Custom Pandoc Filters in Haskell

Posted on December 13, 2019

The Expressiveness/Verbosity Tradeoff

HTML is a programming language used to display nearly everything you view on the internet. At the highest layer, everything ends up being wrapped in HTML. There are other types of media online, using different encodings, though most of these are not intended to be human-readable. People sometimes manipulate SVG manually, and I’m sure there are other exceptions, but HTML is the primary language your browser interprets when deciding what to show on screen. Your browser knows how to read it and convert it to geometry for you to look at. It is very expressive―people have figured out how to display nearly anything with it―but it can be very verbose. This is a common tradeoff when choosing digital tools: do you need a very general tool that has not been optimized for your specific use case, or can you choose something a little more tailored to what you’re doing?
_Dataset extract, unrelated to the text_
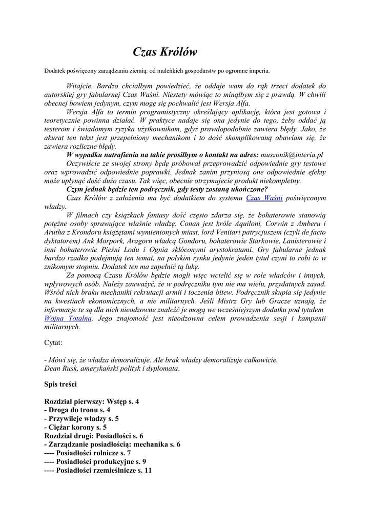 Czas Królów Dodatek poświęcony zarządzaniu ziemią: od maleńkich gospodarstw po ogromne imperia. Witajcie. Bardzo chciałbym powiedzieć, że oddaje wam do rąk trzeci dodatek do autorskiej gry fabularnej Czas Waśni. Niestety mówiąc to minąłbym się z prawdą. W chwili obecnej bowiem jedynym, czym mogę się pochwalić jest Wersja Alfa. Wersja Alfa to termin programistyczny określający aplikację, która jest gotowa i teoretycznie powinna działać. W praktyce nadaje się ona jedynie do tego, żeby oddać ją testerom i świadomym ryzyka użytkownikom, gdyż prawdopodobnie zawiera błędy. Jako, że akurat ten tekst jest przepełniony mechanikom i to dość skomplikowaną obawiam się, że zawiera rozliczne błędy. W wypadku natrafienia na takie prosiłbym o kontakt na adres: [email protected] Oczywiście ze swojej strony będę próbował przeprowadzić odpowiednie gry testowe oraz wprowadzić odpowiednie poprawki. Jednak zanim przyniosą one odpowiednie efekty może upłynąć dość dużo czasu. Tak więc, obecnie otrzymujecie produkt niekompletny. Czym jednak będzie ten podręcznik, gdy testy zostaną ukończone? Czas Królów z założenia ma być dodatkiem do systemu Czas Waśni poświęconym władzy. W filmach czy książkach fantasy dość często zdarza się, że bohaterowie stanowią potężne osoby sprawujące właśnie władzę. Conan jest króle Aquiloni, Corwin z Amberu i Arutha z Krondoru książętami wymienionych miast, lord Venitari patrycjuszem (czyli de facto dyktatorem) Ank Morpork, Aragorn władcą Gondoru, bohaterowie Starkowie, Lanisterowie i inni bohaterowie Pieśni Lodu i Ognia skłóconymi arystokratami. Gry fabularne jednak bardzo rzadko podejmują ten temat, na polskim rynku jedynie jeden tytuł czyni to robi to w znikomym stopniu. Dodatek ten ma zapełnić tą lukę. Za pomocą Czasu Królów będzie mogli więc wcielić się w role władców i innych, wpływowych osób. Należy zauważyć, że w podręczniku tym nie ma wielu, przydatnych zasad. Wśród nich braku mechaniki rekrutacji armii i toczenia bitew. Podręcznik skupia się jedynie na kwestiach ekonomicznych, a nie militarnych. Jeśli Mistrz Gry lub Gracze uznają, że informacje te są dla nich nieodzowne znaleźć je mogą we wcześniejszym dodatku pod tytułem Wojna Totalna. Jego znajomość jest nieodzowna celem prowadzenia sesji i kampanii militarnych. Cytat: - Mówi się, że władza demoralizuje. Ale brak władzy demoralizuje całkowicie. Dean Rusk, amerykański polityk i dyplomata. Spis treści Rozdział pierwszy: Wstęp s. 4 - Droga do tronu s. 4 - Przywileje władzy s. 5 - Ciężar korony s. 5 Rozdział drugi: Posiadłości s. 6 - Zarządzanie posiadłością: mechanika s. 6 ---- Posiadłości rolnicze s. 7 ---- Posiadłości produkcyjne s. 9 ---- Posiadłości rzemieślnicze s. 11 ---- Magazyny s. 13 ---- Posiadłości handlowe s. 14 ---- Kultura i rozrywka s. 16 ---- Posiadłości naukowe i edukacyjne s. 18 ---- Posiadłości militarne s. 20 ---- Posiadłości religijne s. 22 ---- Miejsca mocy s. 29 ---- Posiadłości magiczne s. 38 ---- Ochrona zdrowia s. 44 ---- Transport s. 45 ---- Administracja s. 46 ---- Użyteczność prywatna s. 47 ---- Posiadłości użyteczności publicznej s. 50 ---- Posiadłości nielegalne s. 52 ---- Posiadłości potworów i ciemnych mocy s. 55 ---- Ruchomości s. 57 ---- Inne posiadłości s. 59 - Rozmiar posiadłości s. 61 - Jakość posiadłości s. 61 - Zalety konstrukcji s. 61 - Wady konstrukcji s. 66 - Tworzenie posiadłości: Rys końcowy s. 69 - Zarządzanie posiadłością s. 70 ---- Dodatkowe akcje s. 71 ---- Mechanika posiadłości. Budowa tury s. 72 ---- Wydarzenia losowe s. 72 Rozdział trzeci: Prowincja s. 73 - Ziemie s. 75 ---- Rodzaj terenu s. 75 ---- Ukształtowanie terenu s. 77 ---- Szata roślinna s. 78 ---- Stopień zagospodarowania s. 79 ---- Cechy specjalne s. 80 - Ludność s. 86 ---- Rasa mieszkańców s. 87 ---- Liczba ludności. Jednostki populacji s. 94 ---- Wykorzystanie ludności s. 94 ---- Potrzeby ludności s. 95 ---- Biedni, Niezadowoleni i Przestępcy s. 95 ---- Przestępczość s. 97 ---- Niewolnicy s. 97 - Morale, Dyscyplina i Nastawienie s. 98 - Rodzaj sprawowanej władzy s. 104 - Budowa Prowincji s. 105 ---- Wady i Zalety prowincji s. 106 ---- Tworzenie prowincji: Rys końcowy s. 111 - Przyrost naturalny s. 113 - Zarządzanie prowincją. Dodatkowe akcje s. 113 - Mechanika prowincji: Budowa tury s. 116 Rozdział czwarty: Organizacje s. 117 - Majątki s. 117 - Specjaliści s. 117 ---- Stopień wyszkolenia specjalistów s. 118 ---- Lista specjalistów s. 118 - Szlaki handlowe s. 170 ---- Wytyczenie szlaku s. 178 ---- Korzyści z posiadania szlaku. Zapotrzebowanie na towary s. 178 ---- Stworzenie centrum produkcji i miejsc zapotrzebowania s. 179 - Budowanie Organizacji s. 182 ---- Zalety s. 182 ---- Wady s. 185 ---- Statut s. 188 ---- Tworzenie organizacji: Rys Końcowy s. 191 - Zarządzanie organizacją s. 192 - Mechanika organizacji. Budowa tury s. 193 Rozdział 5: Ustrój polityczny Laruzji s. 194 - Ludzie s. 194 - Elfy s. 200 - Krasnoludy s. 206 - Gnomy s. 207 - Niziołki s. 208 - Skrzydlaci s. 209 - Orkowie s. 210 - Gobliny s. 211 - Ogry i Trolle s. 212 - Smokowcy s. 213 - Zwierzoludzie i centaury s. 213 - Nieumarli i nieśmiertelni s. 214 Rozdział 6: Prowadzenie przygód i rola Mistrza Gry s. 214 - O korzyściach płynących z prowadzenia Potężnym Postaciom s. 215 - Jak prowadzić wpływowym postaciom? s. 217 - Styl 1: Dom, do którego można powrócić s. 217 - Styl 2: Wędrujący kupcy s. 217 - Styl 3: Wsi spokojna! Wsi wesoła! s. 218 - Styl 4: Król Aragorn I! s. 219 - Styl 5: eXplore, eXpand, eXploit and EXTERMINATE!!! s. 220 - Tury i Rzuty s. 221 - Podróże na duże dystanse s. 221 Rozdział 7: Wrogowie i sojusznicy s. 225 - Miejsca i instytucje s. 225 - Wojska i siły zbrojne s. 231 - Osoby s. 237 - Potwory s. 242 Appendix 1: Nowe zdolności s. 244 Appendix 2: Nowe zalety s. 274 Appendix 3: Now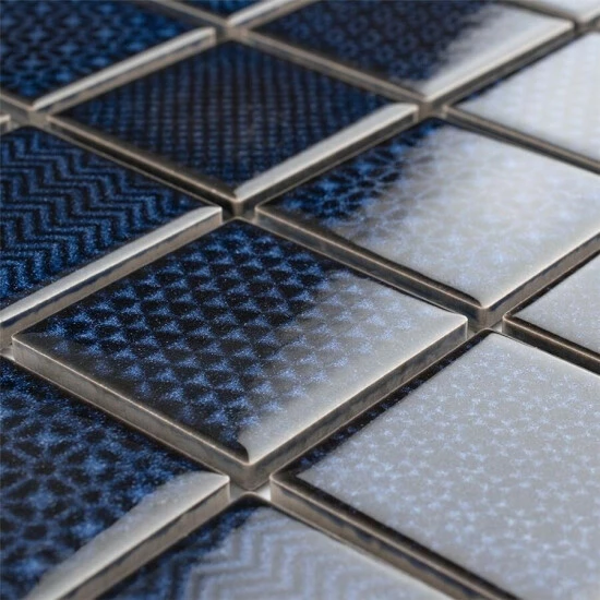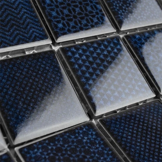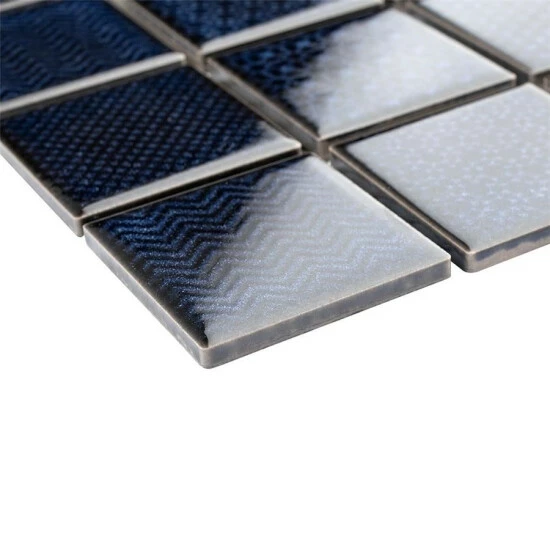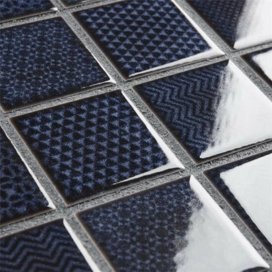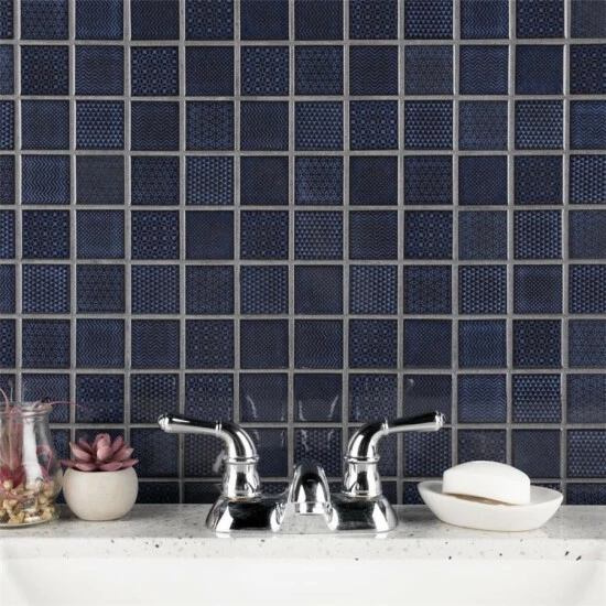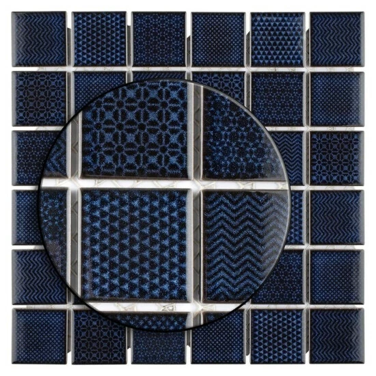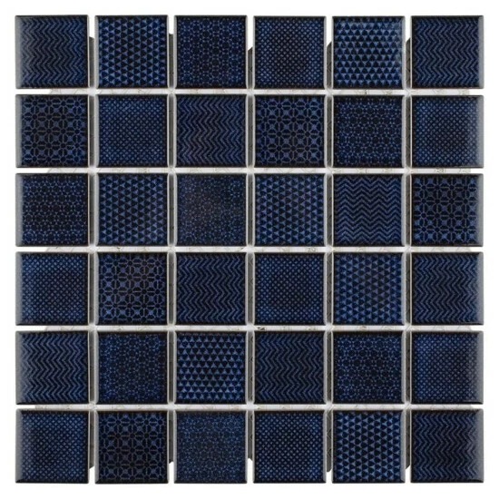 The Celadon Royal 11-3/4 in. x 11-3/4 in. Porcelain Mosaic Tile features varying shades of deep midnight and navy blue for an elegant industrial appeal. This tile includes individual square pieces that each have various geometric and chevron patterns to create one unique mosaic sheet that is available in five print variations randomly scattered throughout each case. An illusion of additional depth and dimension is created by a smooth and sleek glossy surface, which provides a stunning design. Its impervious and frost-resistant features make this an ideal tile for indoor and outdoor floor and wall installations. Tile is the better choice for your space. This tile is made from natural ingredients, making it a healthy choice as it is free from allergens, VOCs, formaldehyde and PVC.

For this blog, I decided HTML is too verbose and unspecialized for my needs. Instead, it is currently written in Markdown, a language designed for this sort of composition. It’s very convenient that someone else has already defined a standard for documents in general, and using a standard means things will be well supported in the future. But using too many things too thoroughly defined by other people really defeats the purpose of building one’s own website: I am interested in developing tools to produce things digitally with more freedom than I have with plaintext, or even with Markdown. How can I get all the expressiveness of HTML without all of its verbosity?

A Tool for Tool-making

Creating arbitrary rules for translating text into other formats will allow for the creation of interesting shorthand or visually rich text treatments: when authoring, I am interested in using expressive idioms of communication, and not repeating myself, and these tools should allow for automation of repetitive writing tasks.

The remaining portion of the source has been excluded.